Теперь-то я понимаю: в религии для меня, как для человечества почти за всю его историю, всегда было что-то детское и по определению авторитарное. Если говорить конкретно, люди создали ее и посвящали ей жизнь на заре своего развития, в своем «детстве», а я – в своем. При откровенном поощрении религиозного института мое духовное детство обречено было продолжаться до седых волос, как и у моих давних предшественников. Но в долгосрочной перспективе эти прятки в религии не сулят успеха, поскольку не вечна ни одна система, созданная человеком.
Откуда-то во мне, как и в других человеческих существах, есть любознательность, подавить которую невозможно. Видимо, для меня все началось потому, что моя религия усердно побуждала меня читать Библию, и я так и делал. Я прочитал ее всю. И продолжал перечитывать и узнавал то, чему просто не мог поверить. Библейский фундаментализм не выжил, столкнувшись со скрупулезным изучением Библии. Моя любознательность переросла в неутомимое стремление к знаниям. Подобные поиски, характерные также для человеческой жизни, не предвещают ничего хорошего, если речь идет о религии. Накопление знаний разрушило анимизм, но не вызвало смерть самой религии, лишь приблизило потребность в новом религиозном развитии. Богов с горы Олимп в конце концов потеснил расцвет греческой философии. Напомню, Сократу пришлось выпить цикуту по обвинению в том, что он не чтит богов и развращает разум и нравственность юношества. Однако даже логическое мышление Сократа и подобных ему философов, а также гибель Зевса, Посейдона, Купидона, не говоря уже о многих других обитателях горы Олимп, привели не к смерти религии, а к появлению еще одной ее формы. Сначала это были мистические культы, затем началось восхождение христианства.
Новые религиозные системы, в особенности христианство, господствовали в западном мире на протяжении веков. Христианство поддерживало институты контроля, хранящие ключи от рая и ада – папский престол, «божественное право королей», концепцию одной истинной Церкви… Оно отражало яростные атаки ислама в эпоху крестовых походов. Оно слишком долго сопротивлялось вызову, брошенному наукой, ибо держало под контролем образование. Оно заставляло умолкнуть мыслящих критиков, отлучая или убивая их. Вспомним, что еще до Галилея главы христианской Церкви сожгли на костре Джордано Бруно за гипотезу о том, что Земля не является центром Вселенной. Галилей пережил его и установил истину. Такие люди, как Бруно и Галилей, представляли серьезную угрозу для западной религии и способствовали появлению первой трещины в ее авторитете. Но впервые в истории эта трещина привела не к появлению новой формы религии, хотя протестантская Реформация была шагом в этом направлении, а к полному отказу от религии в целом. Я тоже участвовал в этом этапе религиозного путешествия человечества и, возможно, в точности воспроизвел его. Мой переход от пряток в религии к началу критического отношения к ней дался нелегко.
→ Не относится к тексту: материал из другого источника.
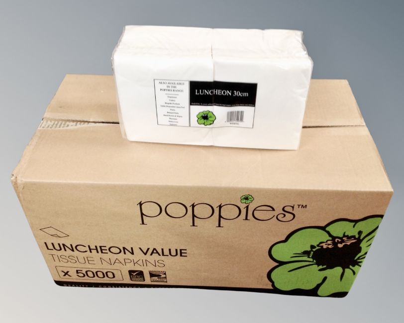 15000 Poppy's Quality white paper napkins, 30cm by 30cm. (3 boxes)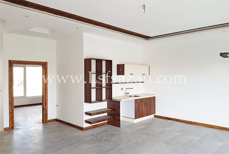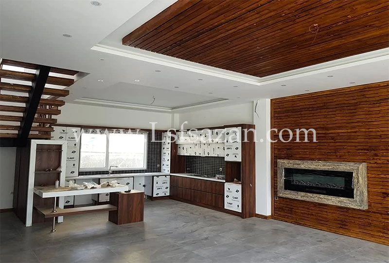 تجهیزات داخلی : اجرای کناف سبز ایران (ضدآب) و چوب لمبه ترکیبی ، کابینت بندی هایگلاس ترکیه ای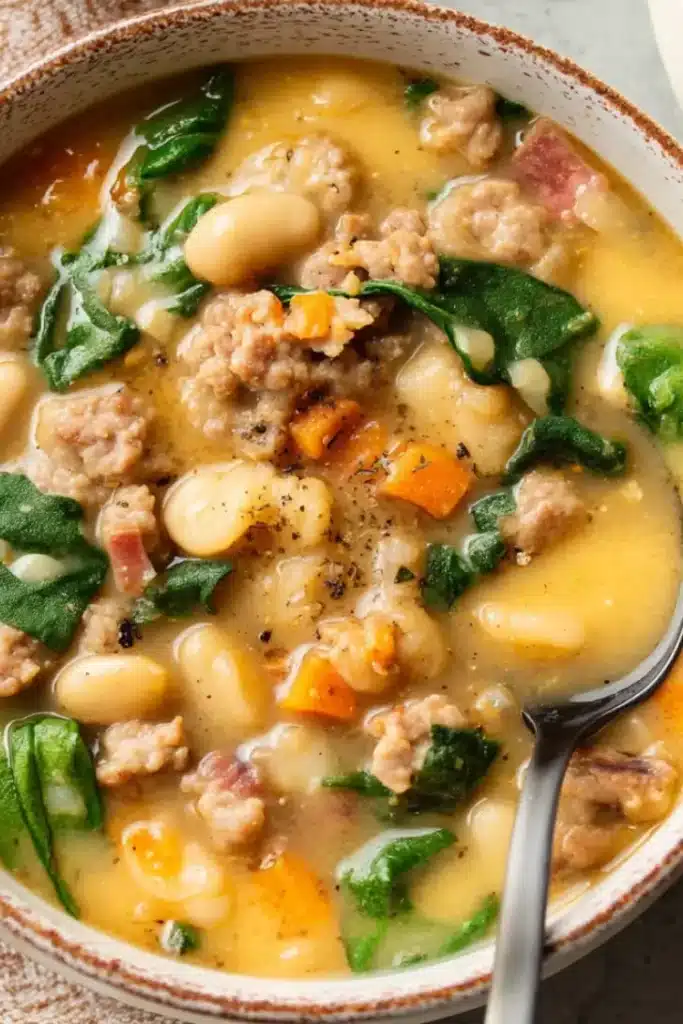 If you’re searching for a cozy, one-pot wonder that delivers bold flavor without fuss, this easy hearty Italian sausage & white bean soup is your answer. Packed with savory sausage, smoky bacon, tender cannellini beans, and fresh spinach—all simmered in a rich, aromatic broth—this soup feels indulgent yet stays dairy-free and straightforward to make. Perfect for chilly nights, busy weeknights, or meal prep, it’s a satisfying dish that brings warmth to the table with minimal cleanup.

История свидетельствует о том, что и для всего людского рода он был непростым.Моим родителям недоставало интеллектуальной любознательности. Отец закончил лишь среднюю школу, мама не закончила и девяти классов, и они не читали ничего, кроме местной ежедневной газеты, формировавшей и подкреплявшей взгляды нашего городка. Возможно, мама читала также ежемесячные женские журналы вроде «Домашнего очага» – с его «жизнеутверждающими» рассказиками, рецептами и полезными советами по домоводству. Все это определенно не способствовало интеллектуальной любознательности, и моей семье она была чужда.
В школе я, пожалуй, учился чуть лучше среднего, но, конечно, не блистал. Да, в старших классах, с седьмого по девятый, я попал в почетное общество лучших учеников и, должно быть, демонстрировал некоторые способности, однако они не выдержали тягот социального и экономического давления, с которым я столкнулся, заканчивая учебу. В десятом и одиннадцатом классах я был ни то ни се, учился «на троечку». Спортом я не занимался, одежды хорошей у меня не было, машины тоже. По экономическим причинам я не мог участвовать во внеклассных мероприятиях и посещать факультативы. Школа вызывала у меня отвращение, опыт учебы в старших классах деморализовал меня. Вместе с двумя такими же раздолбаями я даже подумывал бросить школу в одиннадцатом классе: мы втроем собирались уйти на флот. Почему мы выбрали именно флот, понятия не имею. Я даже плавать не умел! Остается лишь гадать, как сложилась бы моя жизнь, если бы я действительно осуществил эти планы. Теперь я усматриваю в них соблазнительную возможность не расти и не развиваться, и даже вероятность того, что они стали бы помехой для моего движения по общему для всего человечества пути.